A resistência dos que negavam valor artístico àquelas obras decorria do preconceito contra o doente mental e da incompreensão da natureza mesma do trabalho artístico. Custaram a compreender que não era a loucura que fazia daquelas pessoas artistas, e, sim, a vocação, o talento de que nasceram dotadas. Não é a loucura que produz arte, uma vez que das dezenas de pacientes que trabalharam nos ateliês do CPN, no Engenho de Dentro, só uns poucos -cinco- de fato criaram obras de real qualidade estética.
Por outro lado, deve-se entender que o propósito da dra. Nise não era formar artistas, mas, sim, oferecer aos pacientes a possibilidade de se expressar e, desse modo, dar vazão a impulsos e inibições que não encontrariam outro modo de superar. É que, em geral, o doente mental tem dificuldade de se expressar logicamente, como o exige a linguagem verbal. Já a linguagem pictórica, não-verbal, constituída de cores, linhas, símbolos visuais, dispensa o logos para se estruturar. Por essa razão, ao mesmo tempo que serve de vazão aos impasses emocionais, permite-lhe construir uma totalidade simbólica plena, bela, que lhe dá alegria e autoafirmação.
Um exemplo bem evidente disso é o caso de Emygdio de Barros, que, após 23 anos de mudez, encontrou na pintura o caminho para realizar suas potencialidades de artista. Na verdade, não só lhe seria impossível valer-se da fala ou da escrita, como jamais, através delas, conseguiria inventar um espaço imaginário tão rico de significações como o encontramos em seus quadros.

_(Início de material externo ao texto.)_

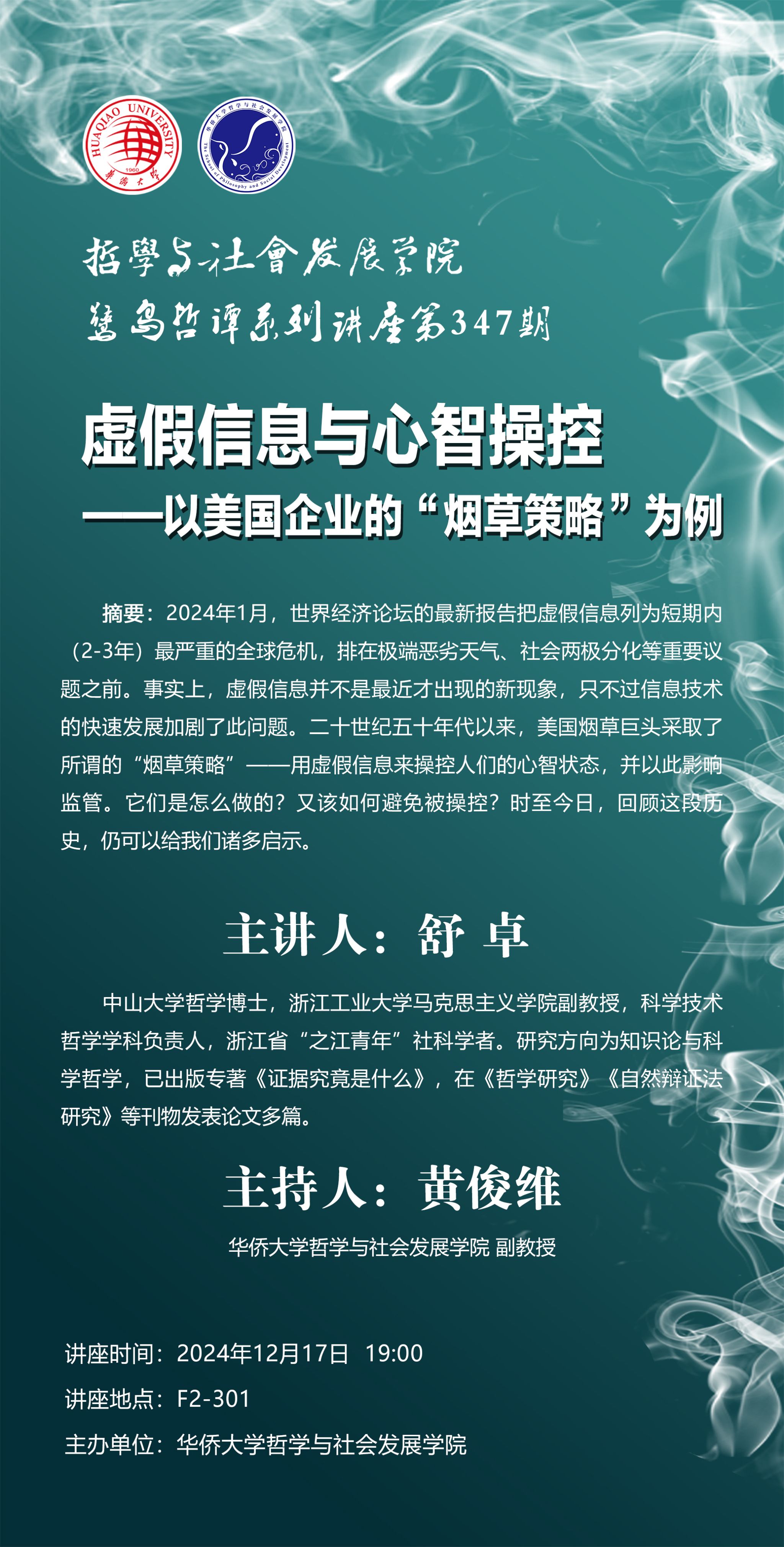 【讲座预告】哲社学院鹭岛哲谭系列讲座第347期之虚假信息与心智操控——以美国企业的“烟草策略”为例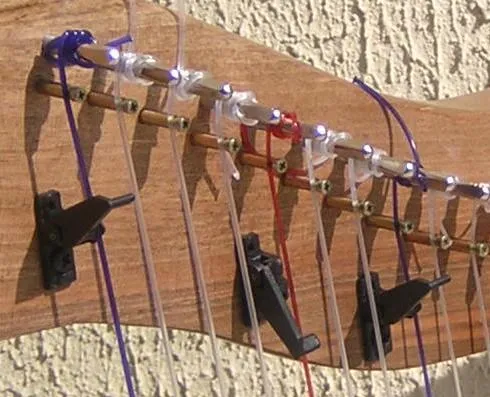 The coloured strings marking the positions of the F and C strings, facilitate navigation amongst the strings whilst playing. Once installed, it took a couple of weeks tuning regularly before the strings settled down and stayed in tune. It was only when this happened that it was possible to install the levers. To finish it was only necessary to trim off the string ends. |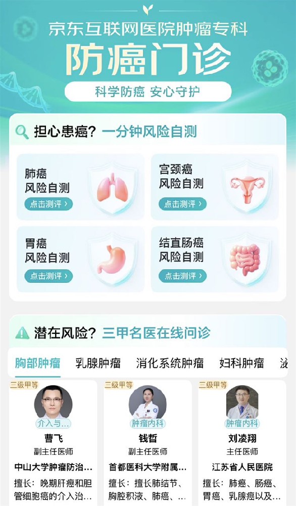 更重要的是,京东互联网医院肿瘤专科正式上线“防癌门诊”,覆盖胸部肿瘤、乳腺肿瘤、消化系统肿瘤、妇科肿瘤、泌尿系统肿瘤、头颈肿瘤等多个高发癌种,汇聚三甲名医资源,为高危人群提供风险自测、在线问诊、防癌体检、专家科普的全流程服务。不同于常规线上门诊,防癌门诊基于线下真实就医需求搭建,集合专家推荐、肿瘤筛查、健康科普、名医直播等多种形式,将“早防早筛”理念融入可操作的服务闭环,让优质筛查资源突破地域限制,惠及更广泛人群。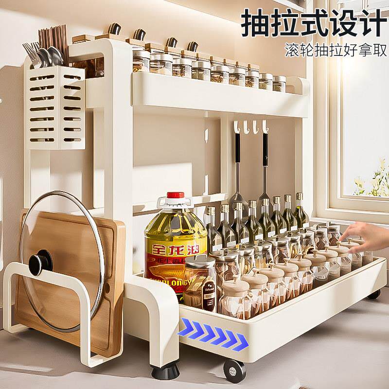 抽拉式厨房调料品置物架多功能台面放调味料瓶罐放置架筷子收纳盒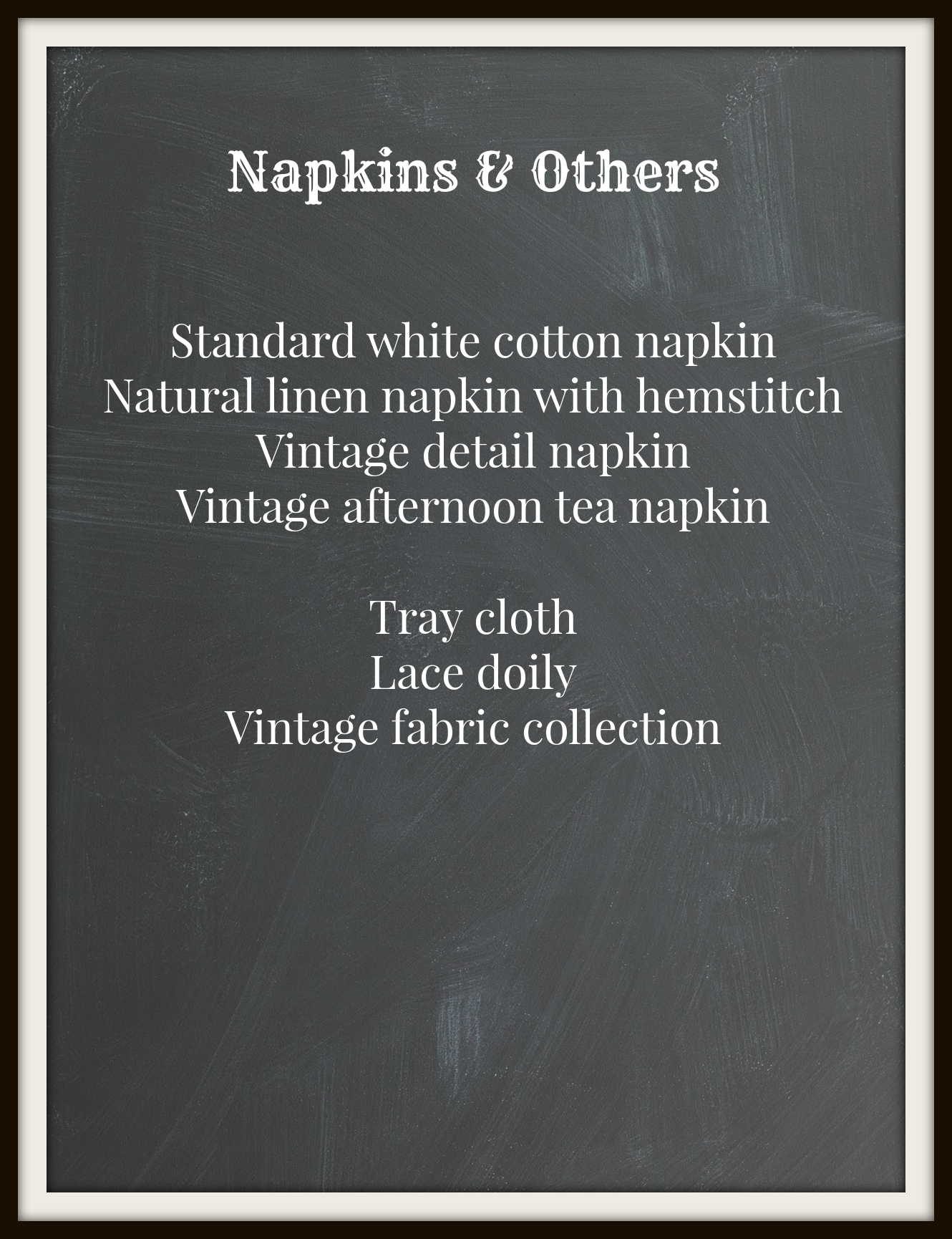 Our lovely linen collection provides the perfect backdrop to your vintage table.

A pintura não o curou mas permitiu-lhe superar o mutismo em que se trancara, a ponto de, certo dia, manifestar o desejo de voltar para casa. E o fez de maneira muito especial, ao dizer a dra. Nise que, naquele Natal, queria como presente um guarda-chuva. Após um primeiro momento de surpresa, ela entendeu que, se queria um guarda-chuva, é que deseja sair do hospital, já que lá dentro não chove.
Mário e Almir Mavignier, temendo que ele parasse de pintar, sugeriram fazer uma exposição de seus quadros, como propósito de vendê-los -e, com o dinheiro, comprar telas, pincéis e tinta. Apenas seis quadros foram vendidos, dos quais cinco foram comprados por Mário Pedrosa -aliás, as únicas vendidas de todas as que foram criadas nos ateliês do CPN, já que o objetivo de dra. Nise era conservá-las como objeto de estudos médicos para a compreensão do fenômeno psíquico que ela designava, adotando uma expressão de Antonin Artaud, como “os inumeráveis estados do ser”.
Emygdio foi morar com a família e, pouco depois, parou de pintar, ou porque o dinheiro acabara ou porque a família preferiu gastá-lo em coisa mais útil. Assim, passaram-se alguns anos sem que se tivesse qualquer notícia dele. Enquanto isso, críticos e artistas começaram a reconhecer a qualidade artística das obras criadas nos ateliês do CPN. O Museu de Imagens do Inconsciente ganhou prestígio internacional, e a obra da dra. Nise, o reconhecimento tanto de estudiosos da arte quanto da psiquiatria.
Mas eis que, um belo dia, um senhor de paletó e gravata, com uma maleta na mão, chegou ao hospital do Engenho de Dentro. Era Emygdio de Barros, que voltara para retomar seu trabalho de pintor. E pintou ali até completar 80 anos, quando, por força de lei, teve que ser transferido para um asilo de idosos, onde morreu aos 92 anos de idade.